## Stored data
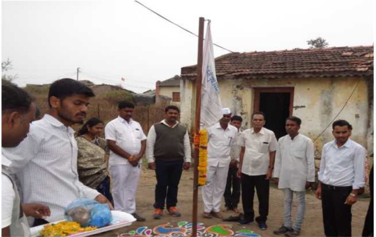
NSS Flag hoisting
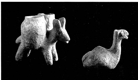
Bild: Esel, Terrakotta, 4. Jht. v. Chr., Tel Aviv

Ausstellung des Biblischen Instituts der Universität Freiburg im Zoologischen Museum der Universität Zürich bis 20. August 2000 (Dienstag bis Freitag, 9–17 Uhr; Samstag und Sonntag, 10–16 Uhr).
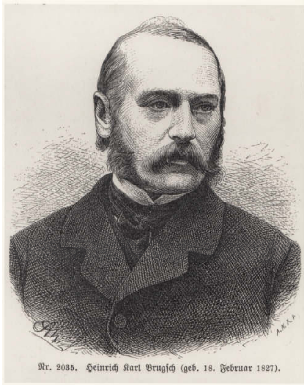
Nr. 2035. Heinrich Karl Brugsch (geb. 18. Februar 1827).
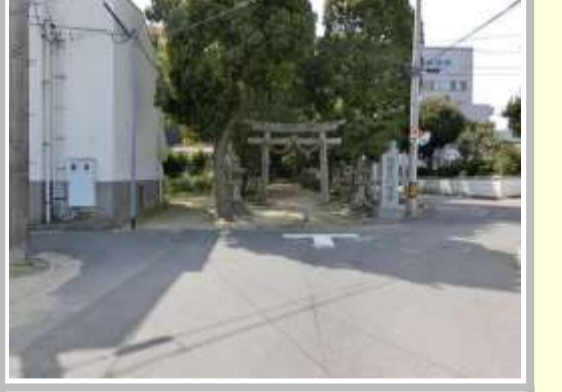
H29【NO. 4】 済

（状況） 奥に病院があり、バスも通行する箇所です。 （対策） 交差点マークを設置しました。
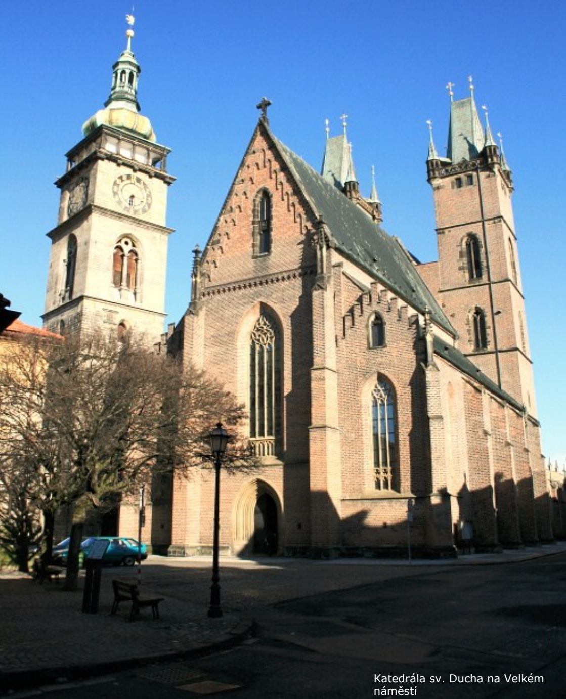
Katedrála sv. Ducha na Velkém náměstí
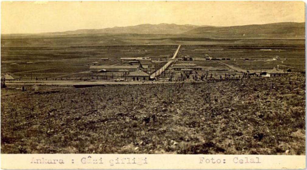
1. Atatürk Orman Çiftliği Merkezi, Genel Görünüm, 1927 (Cangır 2007).

Atatürk Orman Çiftliği, tarımın, endüstrinin ve ticaretin yapıldığı, aynı zamanda halka açık eğlenme, dinlenme ve piknik alanlarının bulunduğu örnek bir kamusal mekan yaratma isteğinin sonucu olarak, devlet girişimi ile 5 Mayıs 1925 tarihinde “Gazi Orman Çiftliği” adı ile kurulur ( Foto.1 ).

## Brief
Extract the run of lines beginning with the line that holds "Katedrála sv. Ducha na Velkém náměstí" and ending at the last line of the data, inclusive. Exclude any pictures from the copy.

## Exercise answer
Katedrála sv. Ducha na Velkém náměstí
1. Atatürk Orman Çiftliği Merkezi, Genel Görünüm, 1927 (Cangır 2007).

Atatürk Orman Çiftliği, tarımın, endüstrinin ve ticaretin yapıldığı, aynı zamanda halka açık eğlenme, dinlenme ve piknik alanlarının bulunduğu örnek bir kamusal mekan yaratma isteğinin sonucu olarak, devlet girişimi ile 5 Mayıs 1925 tarihinde “Gazi Orman Çiftliği” adı ile kurulur ( Foto.1 ).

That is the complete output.